• [Activity]:
When you reach the line that contains "Stor soffa med", set down that line and every one after it through the end of the records, exactly as written and with no pictures.

Extracted data entries
= = = = = = =

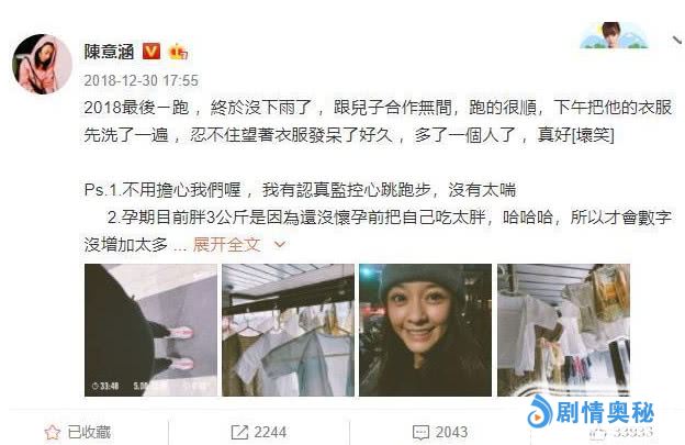 据陈意涵自己表示,她怀孕期间体重基本上没有什么变化,只胖了3公斤,而且宝宝检查各方面也都是非常的正常的,怀孕了之后也没有放弃自己,一直都在坚持运动,经常给我们展示5公里跑步的照片,也应该很少有人能够做到吧,太让人羡慕了。
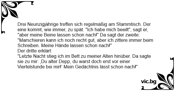 Drei Neunzigjährige treffen sich regelmäßig am Stammtisch. Der eine kommt, wie immer, zu spät. "Ich habe mich beeilt", sagt er, "aber meine Beine lassen schon nach!" Da sagt der zweite:
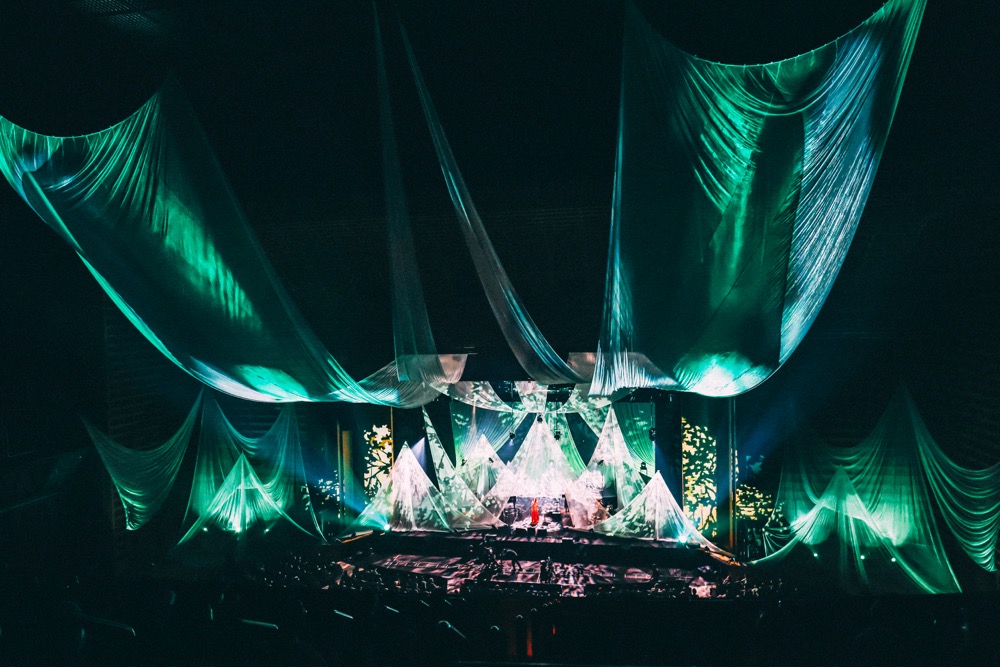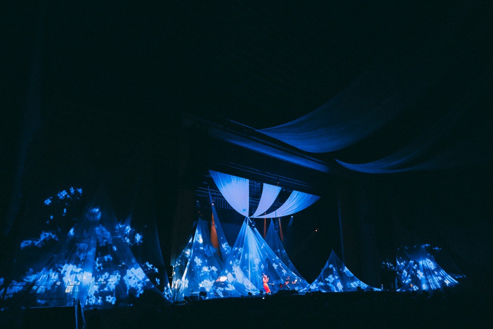 その夢の舞台を見届けようと多くのオーディエンスが会場に詰め掛け、開演前から期待と緊張感が混ざった独特の空気が流れていた。会場が暗転しSEが流れると、ステージに施された荘厳な紗幕にまるで深く静かな海の底にいるかのような美しい映像が映し出されサポートメンバーが登場。少し間を置き登場したUruは、深々とお辞儀をし、大きな拍手のあと、Uruとして初めて作詞・作曲した楽曲「今 逢いに行く」からライブはスタート。包み込むようなボーカルでゆっくりと聞かせたあと、彼女の代表曲のひとつとなった「プロローグ」で切ない空気感に彩ると、Awesome City Clubのカバーソング「勿忘」と、「いい女」を続けて披露し冒頭から会場を惹き込んでいく。
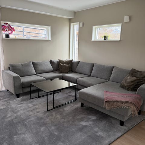 Stor soffa med många sittplatser inkl flyttbar fotpall. Inköpt från Tibergs i Göteborg.
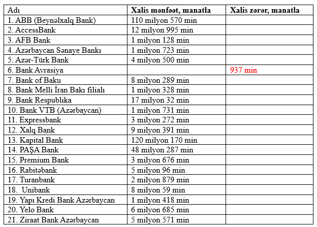 20 bank xalis mənfəət, 1 bank xalis zərər açıqladı - SİYAHI

= = = = = = =

• [Completed exercise]:
 Stor soffa med många sittplatser inkl flyttbar fotpall. Inköpt från Tibergs i Göteborg.
 20 bank xalis mənfəət, 1 bank xalis zərər açıqladı - SİYAHI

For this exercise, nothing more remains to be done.